A comprehensive data virtualization solution has to provide a deeper level of knowledge about the structure, formats, and the semantics associated with the data sources. This type of solution will go beyond just delivering data and become a provision layer that identifies data inconsistencies and inaccuracies from the structural and semantic perspectives and, more importantly, can distinguish issues and fold their resolution directly into the data virtualization layer.

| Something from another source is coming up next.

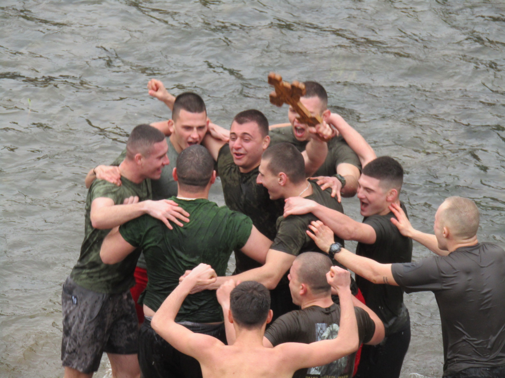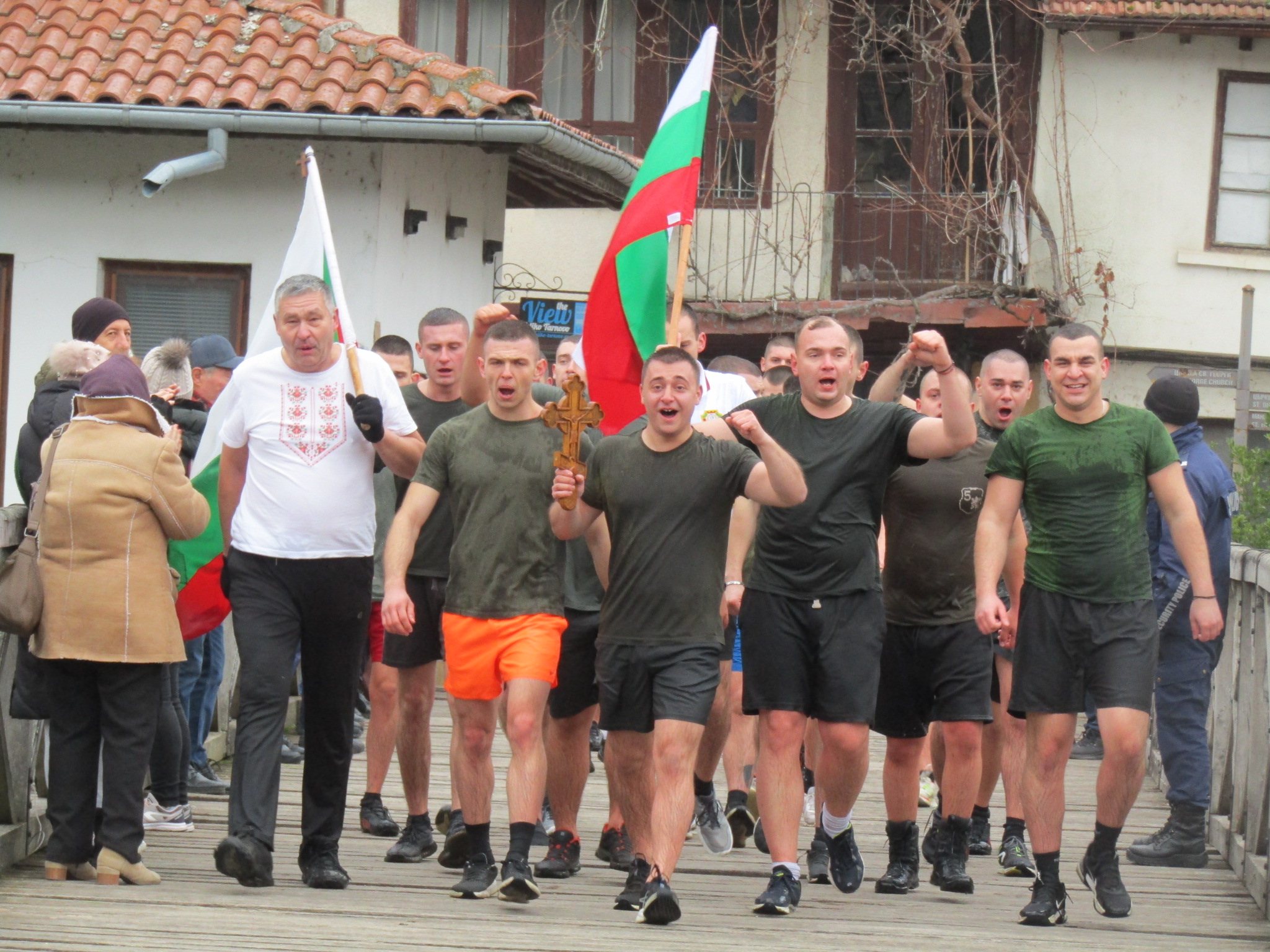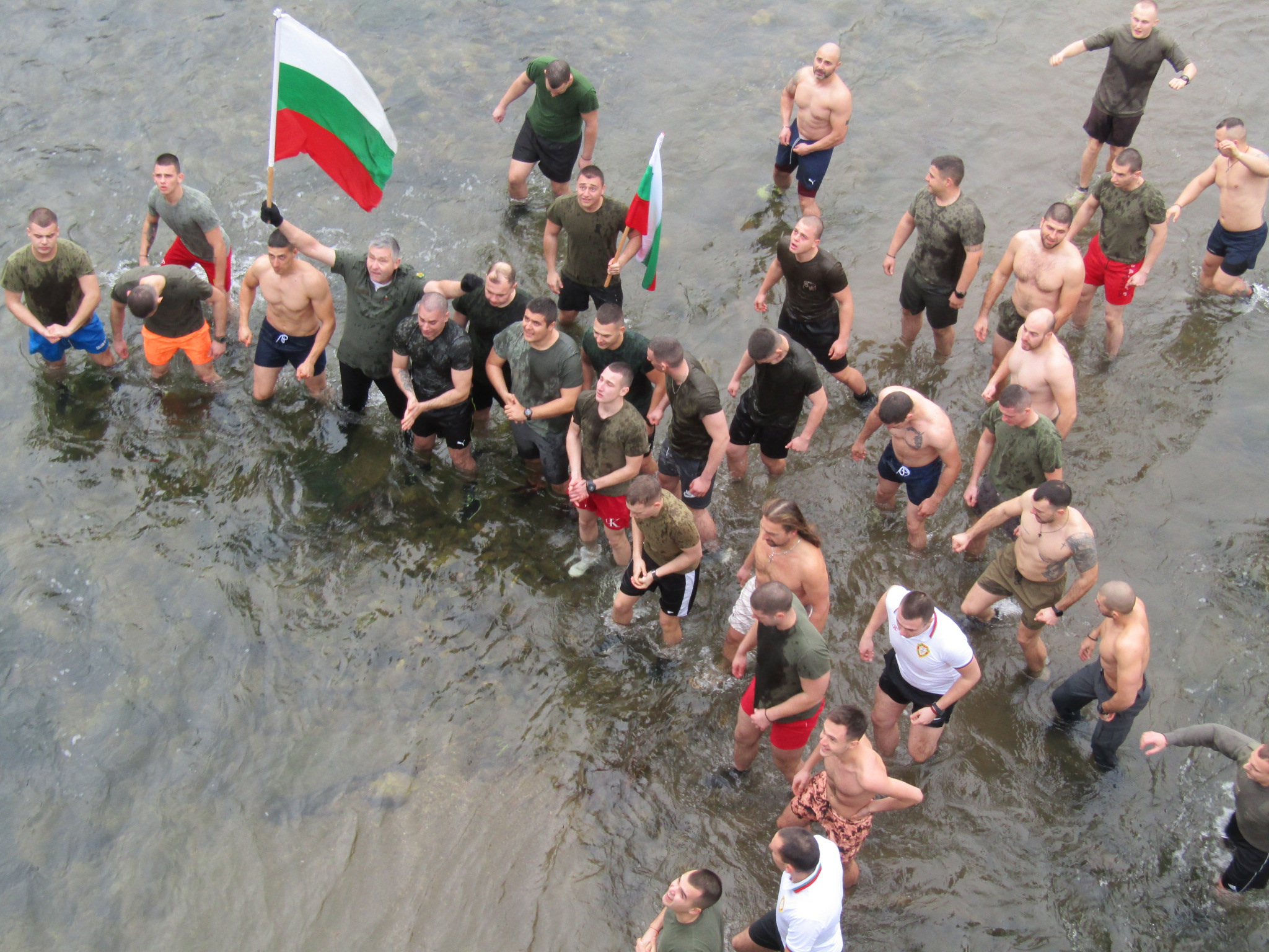 В ледените води на река Янтра се хвърлиха над 40 души, като 25 от тях бяха курсанти. През цялото време те скандираха „Българи юнаци“.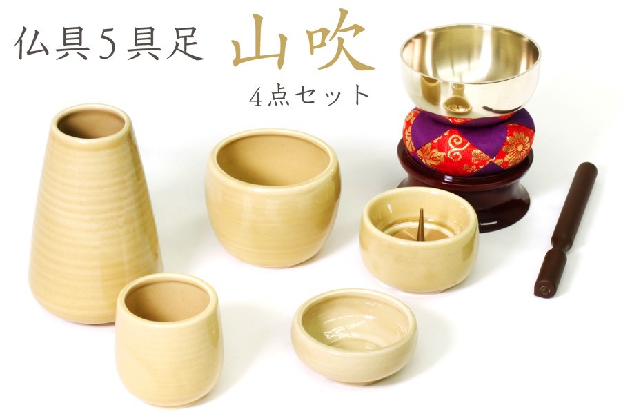 - 国産 仏具 仏具セット ■ 和柄 5点セット 山吹 + おりん4点 ■ モダン 家具調 仏壇 お供え ■ 香炉灰付 お盆 お彼岸 お墓参り 供養

In other words, to truly provision high quality and consistent data with minimized latency from a heterogeneous set of sources, a data virtualization framework must provide at least these capabilities:
- Access methods for a broad set of data sources, both persistent and streaming
- Early involvement of the business user to create virtual views without help from IT
- Software caching to enable rapid access in real time
- Consistent views into the underlying sources
- Query optimizations to retain high performance
- Visibility into the enterprise metadata and data architectures
- Views into shared reference data
- Accessibility of shared business rules associated with data quality
- Integrated data profiling for data validation
- Integrated application of advanced data transformation rules that ensure consistency and accuracy
What differentiates a comprehensive data virtualization framework from simplistic layering of access and caching services via data federation is that the comprehensive data virtualization solution goes beyond just data federation. It is not only about heterogeneity and latency, but must incorporate the methodologies that are standardized within the business processes to ensure semantic consistency for the business. If you truly want to exploit the data virtualization layer for performance and quality, you need to have aspects of the meaning and differentiation between use of the data engineered directly into the implementation. And most importantly, also make sure the business user signs-off on the data that is being virtualized for consumption.